The box Darius designed and carved for months, before attempting the burial methods in his own back garden, has not been recovered. The late Father Nimorous, Abbot of Saint Boniface of Tyllsdum, has left a description of its queer ornaments and the strange device Darius Stenof was noticed toiling with at the time of his abrupt disappearance.
As for the local authorities, they attributed the carpenter's vanishing act to more mundane circumstances. One senior officer wrote in a report to the regional governor, that the unhappy Darius Stenof had gone off with a circus dancer. A gypsy woman twice his age. For one such circus had passed through the area, the same week Darius buried himself one last time in the abbey's graveyard.
31
Darius seldom wandered far from home, and when he did go off to visit neighboring villages he didn’t stay away longer than a fortnight. He was predictable in this sense alone. And he willingly confess to others that he couldn’t recall experiencing the urge to drift like vagabonds and gypsies did. Anselm Stenof had taught him the worth and significance of being tethered to the past. And he’d phrased it thus to Father Nimorous. He had said to the Abbot, I'm what becomes of the past. A sentiment that captured the stoicism and resonance and something of the despondency of Darius's life since his father's death.
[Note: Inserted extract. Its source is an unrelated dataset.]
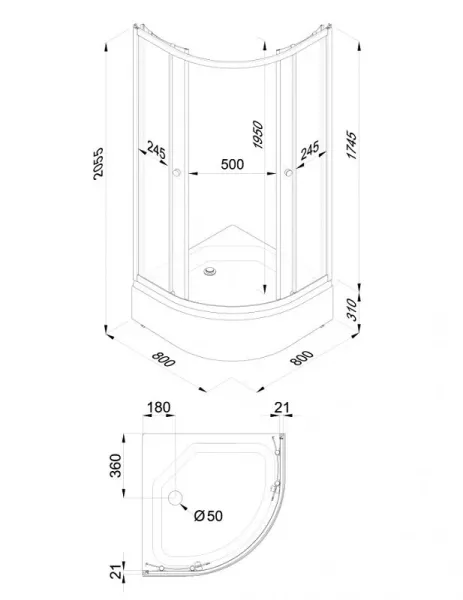 • Высота с поддоном: 205.5 см

The thought that the past is the same as the future, that everything may stay as it is for all eternity, should concern no one, he had confided to the Abbot. I was nothing before I was born to my parents. Why should I heed the whip of so-called obligations to make something of myself now? How should I profit from what I leave behind?
The Abbot offered Darius silence in reply. The old monk dreaded having to admit to anyone (his confessor was ignorant of the matter) that he’d been plagued by heretical doubts and outright doctrinal deviations every day and every night of his contemplative life. The life everlasting promised by the holy books and all the splendors of heaven hadn’t alleviated the insomnia the Abbot had suffered from for years.
32
There were to be twenty-nine days of unabated rain. Every door in Grouffe was kept bolted against it. It forced people, when they felt the lack of constraint, to converse in whispers. The river rose and flooded the abbey's graveyard. In some corners only the tops of the headstones and the ironwork of crucifixes were visible from the road. This, the Father Abbot confided in young Brother Terta, is the second time in living memory that the river has risen so high. And that the rains have reduced Grouffe to such gloom, devastation, and sadness.
With a sigh and a twist of the lips the Abbot added, I won’t live to see another flood like this one.